I wondering if people knew about communities similar to 500px to look at other people's work and also share my own work.

Additionally:

Are there any podcasts or resources where people take a look at artwork from the past (could be paintings, photography, etc.) and discuss what they see in the artwork? E.g., the composition, the lighting, why the artist made that work?


----------



## Overread (Jul 6, 2017)

You could try here - quite a few gallery types and active members 
Photography Forum


----------



## echoyjeff222 (Jul 6, 2017)

Overread said:


> You could try here - quite a few gallery types and active members
> Photography Forum


Lol, okay besides 500px and photoforum, which I already use


----------



## table1349 (Jul 6, 2017)

The 10 Best Online Photo Storage and Sharing Sites of 2017
Flickr Alternatives: 10 Best Photo Sharing Sites | Beebom
20 Best Photography Websites


----------



## The_Traveler (Jul 6, 2017)

If you are looking for quality far above average, although a bit staid, try Nikongear 
1x is also good to excellent but not much of a 'community'.


----------



## JPI (Jul 6, 2017)

I once googled fine arts photography for no real reason and the next thing I know I'm getting links to fine art photographers on my FB.

One in particular guy caught my attention because when I shot surfing back in the late 60's thru the late 70's this photographer was a contributing photographer for surfing magazine ( he was pointed out by the editor when we met ) and quickly became someone I followed closely before I went all adult and stuff and had to get a job.

Now here we are 49 yrs later and he's still an inspirations Arron Chang


----------



## echoyjeff222 (Jul 7, 2017)

Thanks for the replies.
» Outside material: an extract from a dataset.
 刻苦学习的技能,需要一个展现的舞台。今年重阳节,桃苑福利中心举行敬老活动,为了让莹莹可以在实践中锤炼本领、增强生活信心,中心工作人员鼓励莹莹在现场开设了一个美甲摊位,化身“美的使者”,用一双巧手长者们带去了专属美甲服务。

There's an interesting section on 1x called "1x learning" with tutorials. The photographers explain their thought process behind the shots. It's quite nice! 
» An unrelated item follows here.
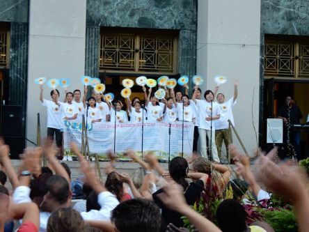 そして、「ひまわり」の歌が始まって、サビの部分「風が吹いても曲がっても~~」と言いながらうちわを振ると、それを見た観客のみなさんが、うちわに合わせて手を振ってくださったのです。

Also, this series: Photographers - YouTube


----------



## chuasam (Jul 11, 2017)

I'm not fond of photographic community for inspiration, it feels too much like group think and everyone tends to focus on technical and ridiculous minutiae. I prefer to draw inspiration from outside of photography and bring that into my craft.


----------



## vintagesnaps (Jul 11, 2017)

Just take a look at the Terms & Conditions on those type sites, they often allow for third party usage of members photos, etc. (meaning you might be agreeing to allow other people or the site owners to take your photos and use/sell them).  
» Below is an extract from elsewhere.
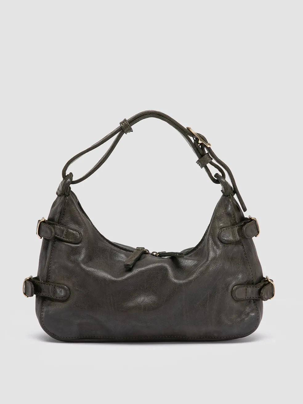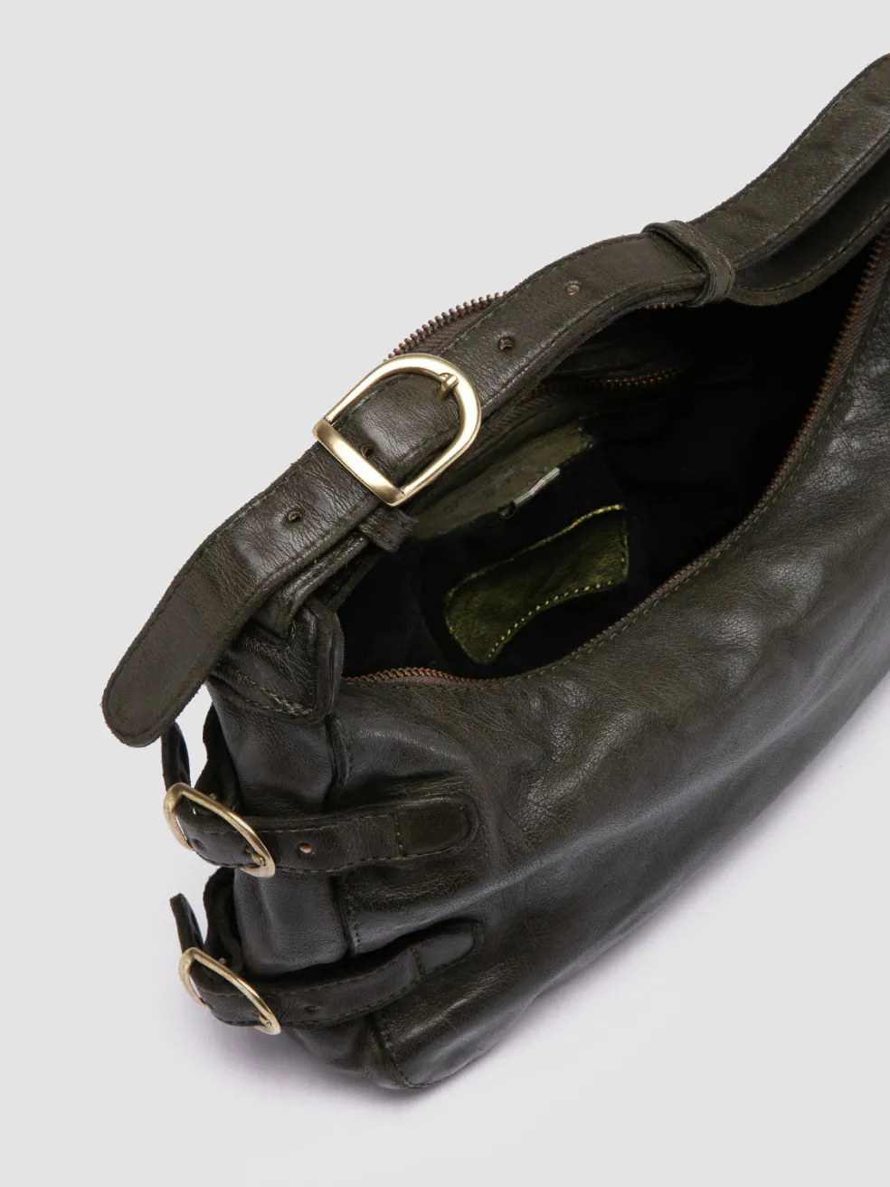 The Julie 009 shoulder bag is a blend of craftsmanship and retro design. Handmade in Italy from lush green leather, this piece is accented with graceful metal buckles, secure zip closure and an internal pocket for your essentials.

For resources about art and photography of the past try museum websites; many have their collection online, offer videos and courses, etc.


----------



## SquarePeg (Jul 11, 2017)

Outside of TPF, I really enjoy the photos and commentary on fredmiranda.  I've found many of the members there to be very friendly and helpful - just stay out of the weddings forum where all the drama is.


----------



## gckless (Jul 11, 2017)

I like Photocrowd, they always have a bunch of photo challenges that usually have prizes. I like to see which ones win, try to understand why. This usually draws the best photos people have, so there are some spectacular images on that site.


----------



## dennybeall (Jul 11, 2017)

Cambridge in Color and Luminous Landscape often have interesting work to ses.


----------



## bribrius (Jul 29, 2017)

I could use more learning myself i might be a tad ignorant but real short attention span here..


----------